━━━ Data segment ━━━

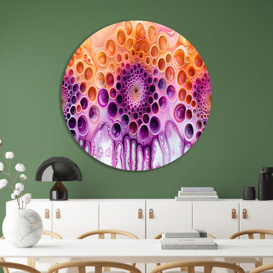 Kleurrijke psychedelische abstracte patronen schilderij aluminium muurcirkel
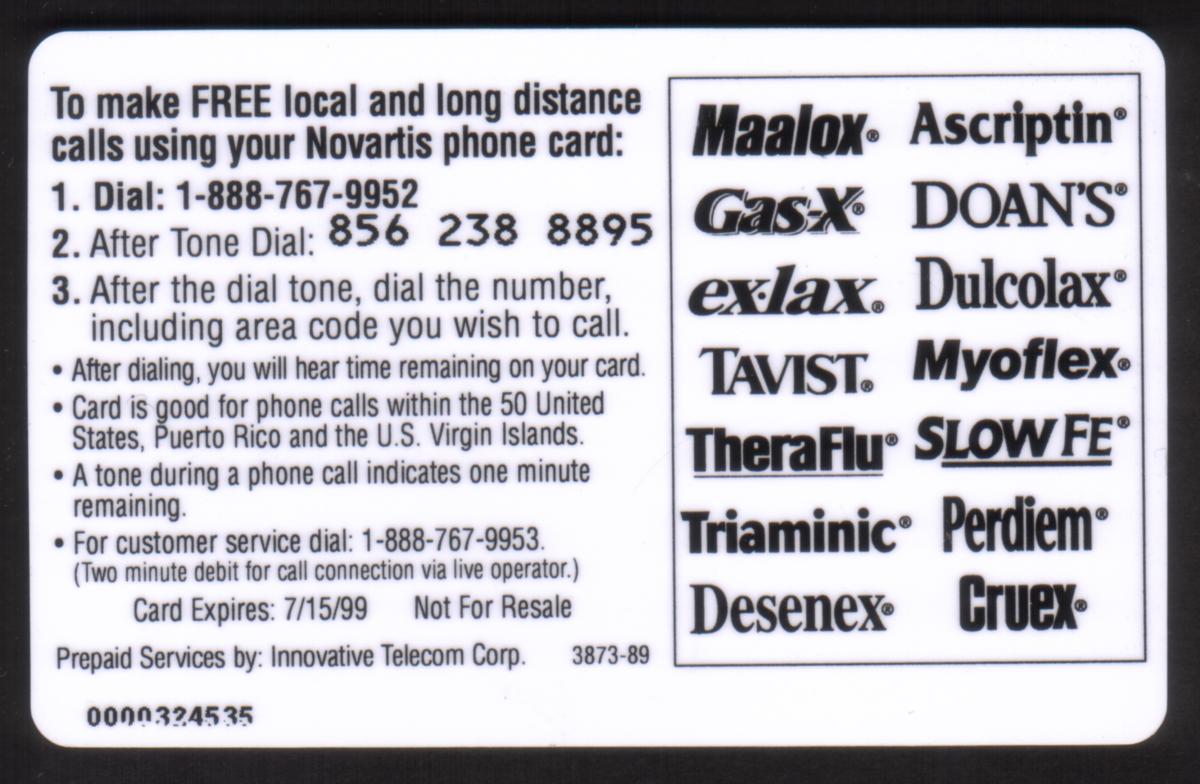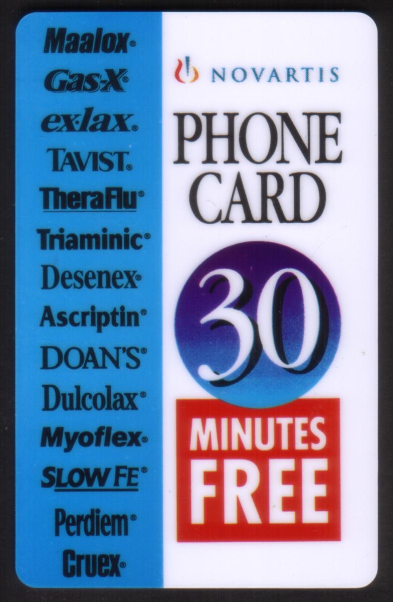 Novartis healthcare promotional phone card offering 30 free minutes, featuring product brands like Maalox, Gas-X, and Theraflu, from the 1980s-90s era. |
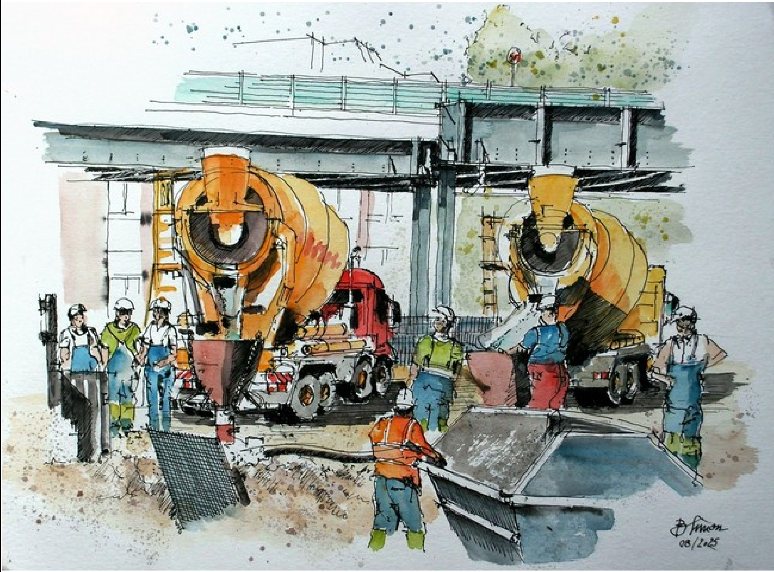 „Wenn ich zeichne, versuche ich immer, die ganze Situation einzufangen. Es sollen Bilder mit dem ganzen Drum und Dran entstehen, wie man sie als Normalmensch sieht“, sagt Simon. Warnbaken, Baustellenzäune, Kabel, Schilder – das alles gehöre dazu. „‘Gemüse‘, das eine Baustelle ausmacht“, wie er findet.
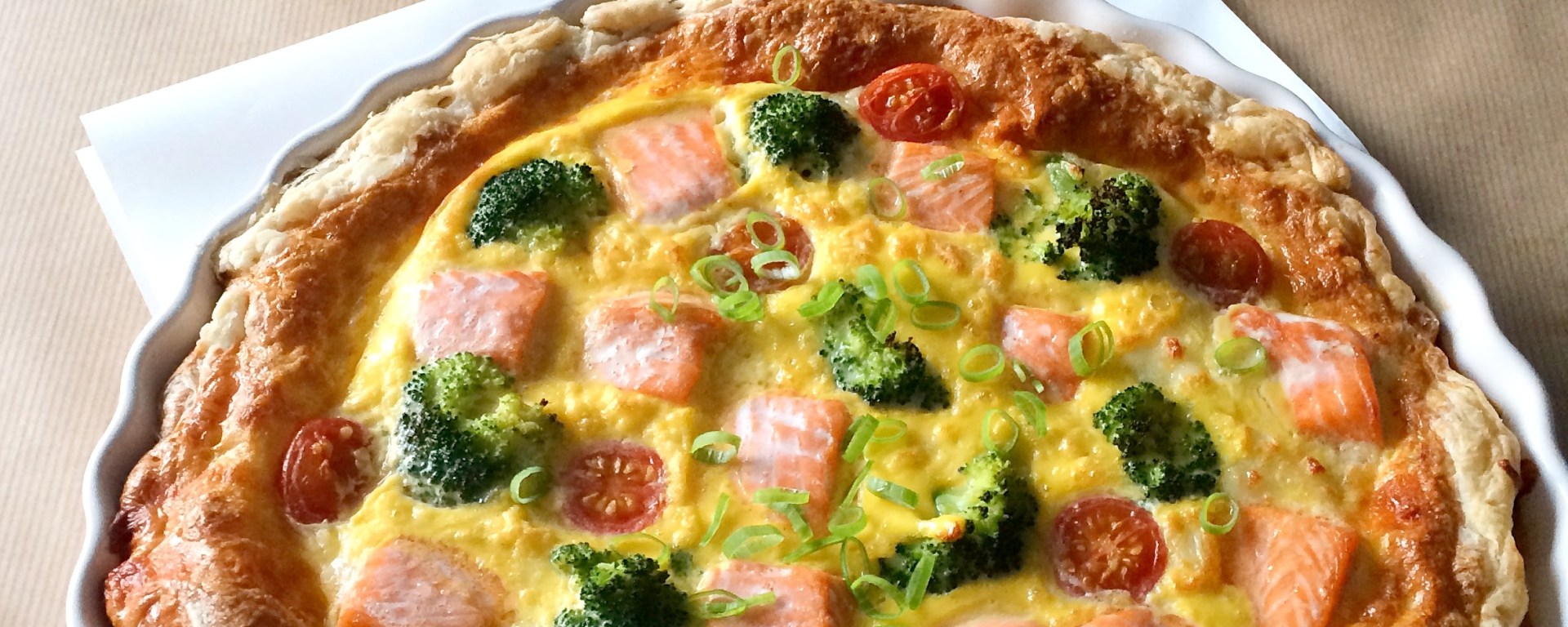 Skjær ørreten i biter på ca 3×3 cm og fordel i paien sammen med halve tomater og blomkålbuketter. Jeg var redd det ble for lite væske og pisket sammen et 6. egg og en skvett fløte, men væsken og osten eser under steking og hever seg opp mellom fisken og grønnsakene. Min måtte stå 7 minutter ekstra for å bli stiv i midten og derfor litt ekstra godt stekt…

━━━

__Assignment__. With images omitted, output the data exactly as given.

__Exercise answer__.
 Kleurrijke psychedelische abstracte patronen schilderij aluminium muurcirkel
 Novartis healthcare promotional phone card offering 30 free minutes, featuring product brands like Maalox, Gas-X, and Theraflu, from the 1980s-90s era. |
 „Wenn ich zeichne, versuche ich immer, die ganze Situation einzufangen. Es sollen Bilder mit dem ganzen Drum und Dran entstehen, wie man sie als Normalmensch sieht“, sagt Simon. Warnbaken, Baustellenzäune, Kabel, Schilder – das alles gehöre dazu. „‘Gemüse‘, das eine Baustelle ausmacht“, wie er findet.
 Skjær ørreten i biter på ca 3×3 cm og fordel i paien sammen med halve tomater og blomkålbuketter. Jeg var redd det ble for lite væske og pisket sammen et 6. egg og en skvett fløte, men væsken og osten eser under steking og hever seg opp mellom fisken og grønnsakene. Min måtte stå 7 minutter ekstra for å bli stiv i midten og derfor litt ekstra godt stekt…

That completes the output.